Enzymatic Biofuel-Cell-Based Self-Powered Biosensor Integrated with DNA Amplification Strategy for Ultrasensitive Detection of Single-Nucleotide Polymorphism

Enzymatic biofuel cell (EBFC)-based self-powered biosensors could offer significant advantages: no requirement for an external power source, simple instruments, and easy miniaturization. However, they also suffered from the limitations of lower sensitivity or specific targets. In this study, a self-powered biosensor for the ultrasensitive and selective detection of single nucleotide polymorphisms (SNPs) produced by combining the toehold-mediated strand displacement reaction (SDR) and DNA hybridization chain reaction (HCR) was proposed. Herein, the capture probe (CP) with an external toehold was designed to switch on the sensing system. In the presence of target sequence, both SDR and DNA HCR reaction would happen to produce a long double-helix chain.
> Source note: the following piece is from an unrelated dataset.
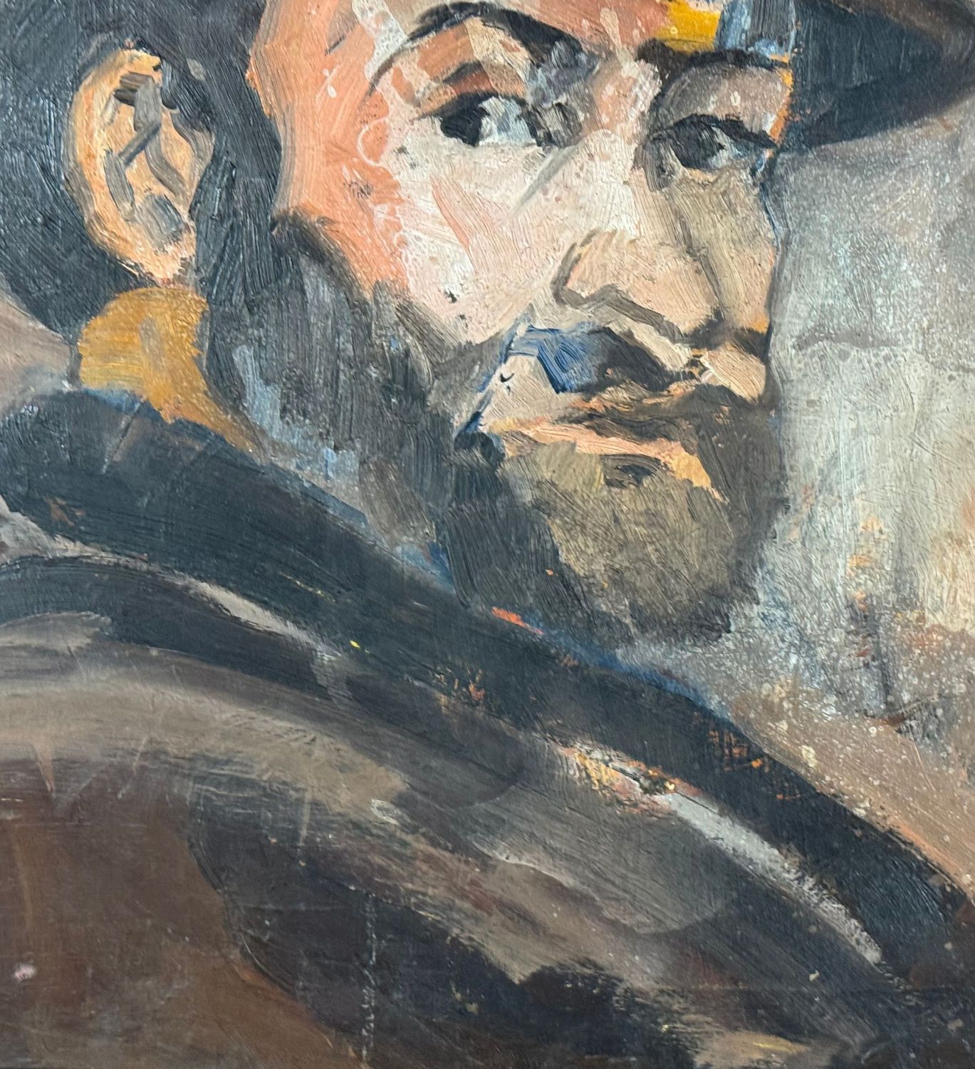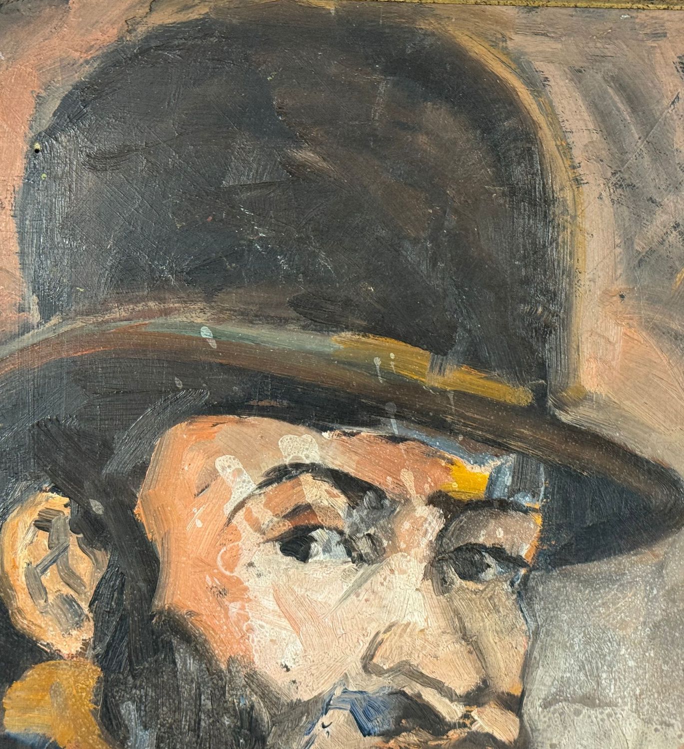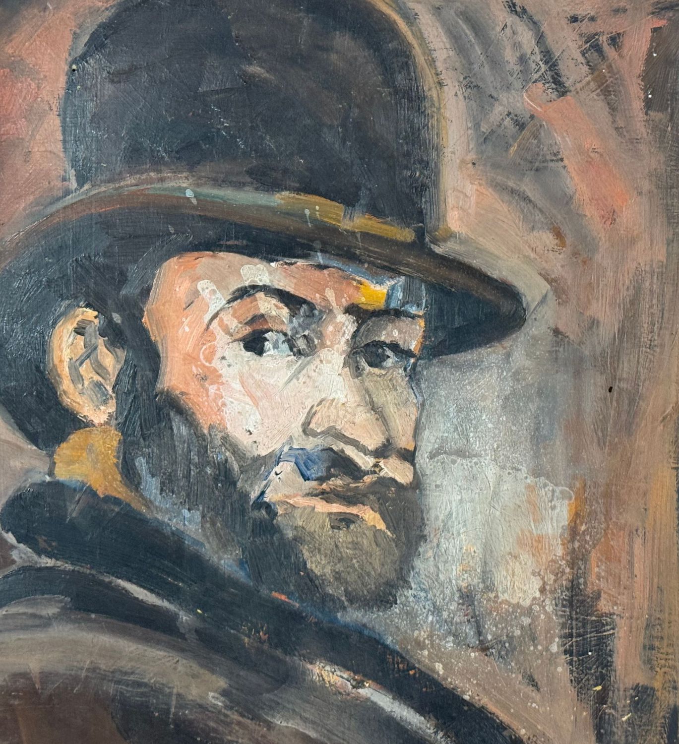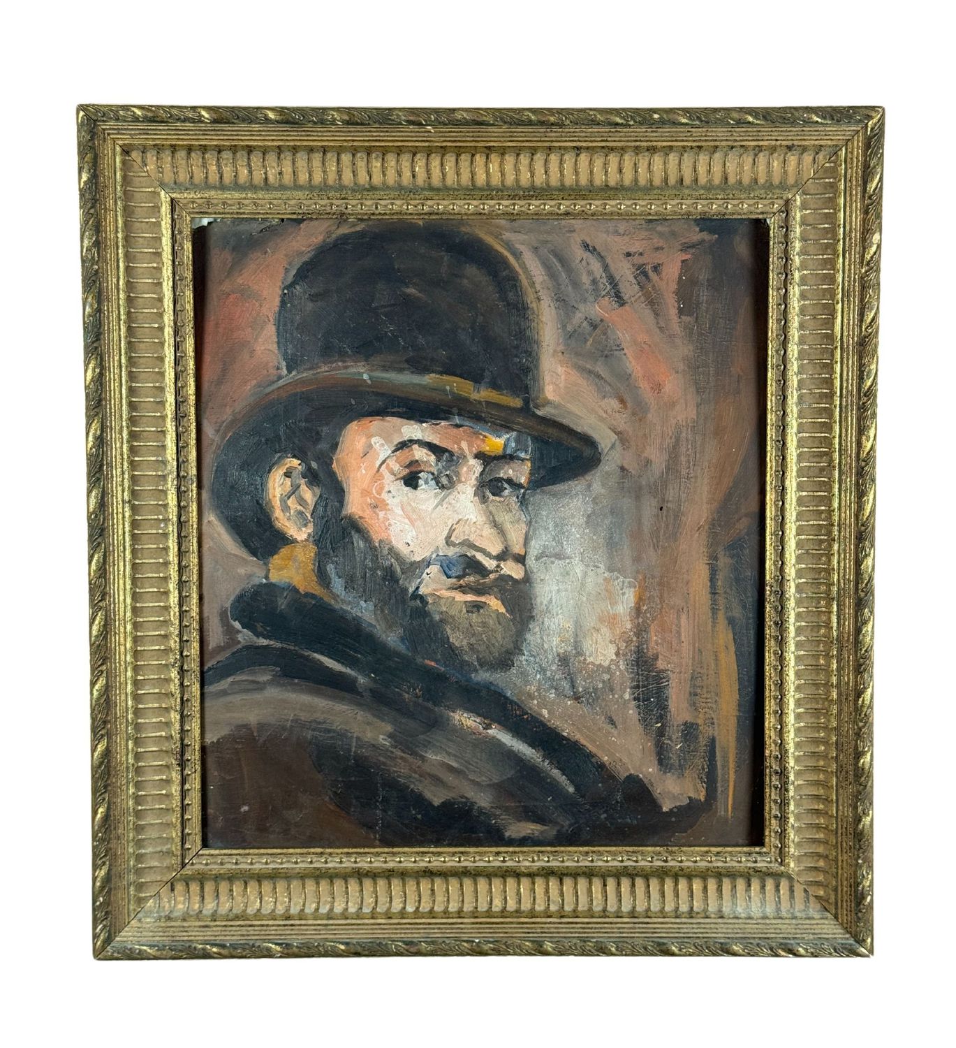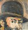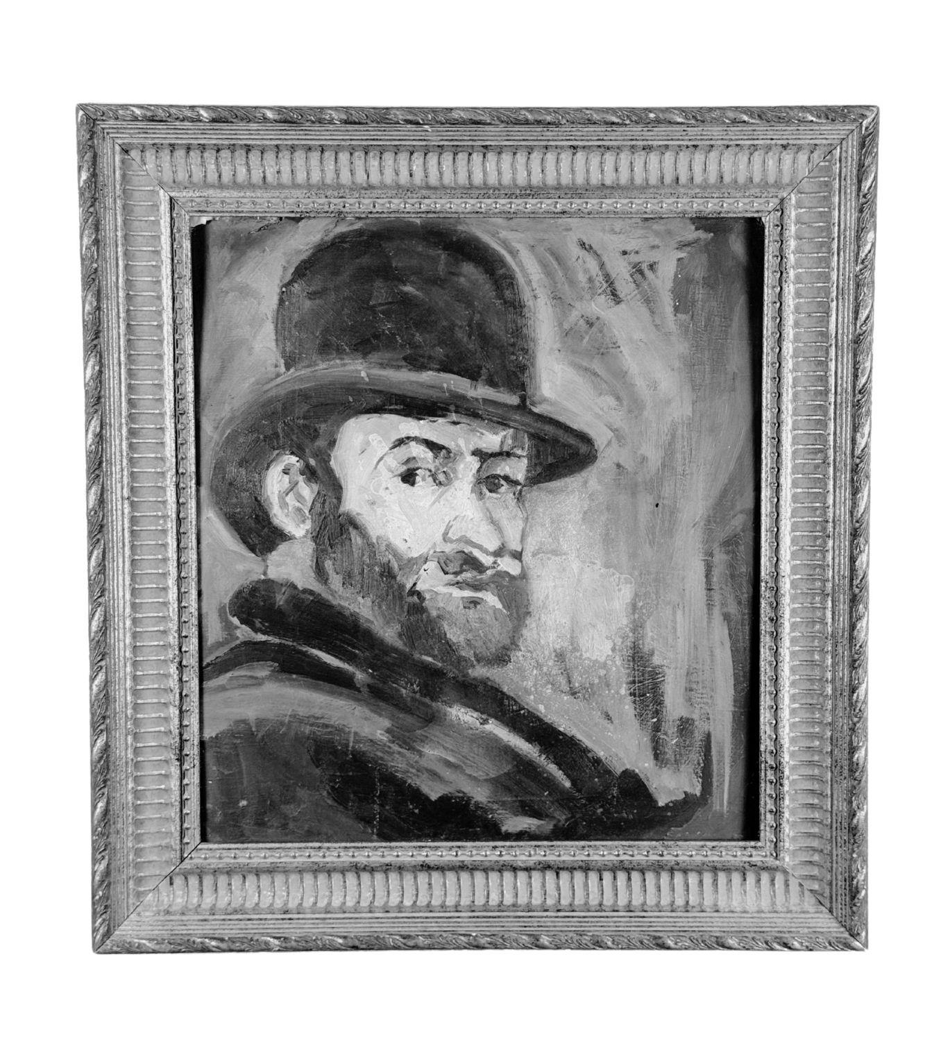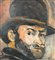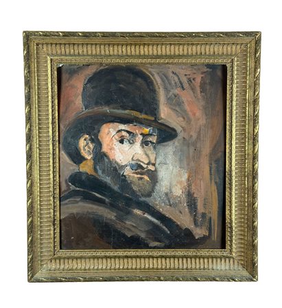 Dipinto olio su pannello, periodo XX secolo scuola Italiana, raffigurante Uomo con bombetta, omaggio a Paul Cézanne. Dimensioni compreso cornice: 57x61 cm. Dimensioni interno cornice: 43x47 cm. Da rtista anonimo. Opera in buone condizioni.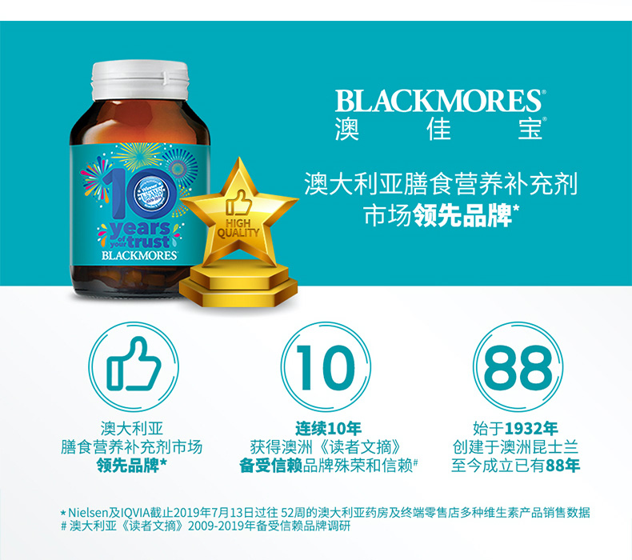 Blackmores,又名澳佳宝。是澳大利亚本土的保健品品牌。成立于1930年,已经有近87年历史。在1985年5月正式成为上市公司。目前拥有超过400名员工 ,总部设在澳大利亚悉尼。销售的国家包括澳洲、新西兰、马来西亚、新加坡、泰国、韩国、中国台湾、香港及大陆地区。

Because of the electrostatic interaction between [Ru(NH3)(6)](3+) and the double-helix chain described above, the open circuit voltage (E-OCV) of the as-proposed biosensor was significantly elevated, thus realizing the detection of SNPs. Overall, in this work, an ingeniously constructed self-powered biosensor for the detection of SNPs was created by integrating EBFCs with a DNA amplification strategy. Furthermore, the as-proposed self-powered biosensor not only showed prominent specificity to distinguish the p53 gene fragment from random sequences (e.g., single-base mutant sequences) but exhibited excellent sensitivity with the detection limit of 20 aM. More importantly, the results obtained from the real cell lysate sample have laid a strong foundation for disease diagnostics and, potentially, as a powerful tool for even more fields.